Search Engine Functionality for LLP
Apache Lucene Library and Solr Enterprise Search Server
Apache Lucene
• A high-performance, full-featured text search engine
library written entirely in Java.
• It is a technology suitable for nearly any application
that requires full-text search, especially cross-platform.
Features-Lucene is designed to make it easy to add indexing and
search capability to a broad range of applications, including:
• Searchable email: An email application could let users
search archived messages and add new messages to the
index as they arrive.
• Online documentation search: A documentation reader --
CD-based, Web-based, or embedded within the application --
could let users search online documentation or archived
publications.
• Searchable Webpages: A Web browser or proxy server
could build a personal search engine to index every
Webpage a user has visited, allowing users to easily revisit
pages.
• Website search: A CGI program could let users search your
Website.
• Content search: An application could let the user search
saved documents for specific content; this could be
integrated into the Open Document dialog.
• Version control and content management: A document
management system could index documents, or document
versions, so they can be easily retrieved.
• News and wire service feeds: A news server or relay
could index articles as they arrive.
Usage-Lucene can be used as follows:-
• Indexing Side: Write code to add Documents to the index.
• Search Side: Write code to transform user query into
Lucene Query instances.
• Submit Query to Lucene to Search.
• Display Results
-A Document is one or more Fields.
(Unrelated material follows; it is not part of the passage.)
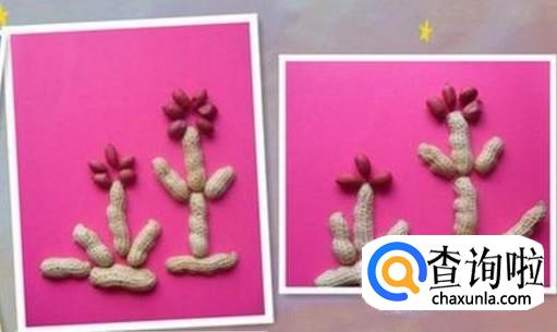 准备一张卡纸,将两个花生壳竖着排成一排,再在这排花生壳的中间,斜着左右两边各方一个花生壳,接着再竖排花生的顶部放三颗花生米,一颗仙人掌就出来了。

A Field consists of a name,
content, and metadata on how to handle the content. Content is
made searchable by analyzing it. Analysis is completed by
chaining together a Tokenizer, which splits an input stream into
words (tokens) and zero or more TokenFilters, which can alter (for
example, stem) or remove the token.
Indexing- It is the process of preparing and adding text to
Lucene. Key Point is Lucene only indexes Strings, i.e.
• Lucene doesn’t care about XML, Word, PDF, etc.
• There are many good open source extractors available
• We need to convert whatever file format we have into
lucene format.
Solr
• Solr is an open source enterprise search server based on the
Lucene Java search library, with XML/HTTP and JSON APIs, hit
highlighting, faceted search, caching, replication, a web
administration interface and many more features. It runs in a
Java servlet container such as Tomcat.
Features: Its in the form of Java5 webapp (WAR) with web
services-like API. We put documents in it (called "indexing") via
XML over HTTP. And we query it via HTTP GET and receive XML
results.
• Advanced Full-Text Search Capabilities
• Optimized for High Volume Web Traffic
• Standards Based Open Interfaces - XML and HTTP
• Server statistics exposed over JMX for monitoring
• Scalability - Efficient Replication to other Solr Search Servers
• Flexible and Adaptable with XML configuration
• Extensible Plugin Architecture
The admin console :
Usage: Conceptually, Solr can be broken down into four main
areas:
• Schema (schema.xml) –describes the data
• Configuration (solrconfig.xml) - describes how people can
interact with the data
• Indexing
• Searching
As in case of Lucene, content is made searchable by analyzing it
by chaining together a Tokenizer. The Solr schema makes it easy
to configure this analysis process without code.
Configuration--The solrconfig.xml file specifies how Solr should
handle indexing, highlighting, faceting, search, and other
requests, as well as attributes specifying how caching should be
handled and how Lucene should manage the index.
Indexing and searching--Happens via HTTP requests sent to the
Solr server. Index is modified by POSTing XML Documents
containing instructions to add (or update) documents, delete
documents, commit pending adds and deletes.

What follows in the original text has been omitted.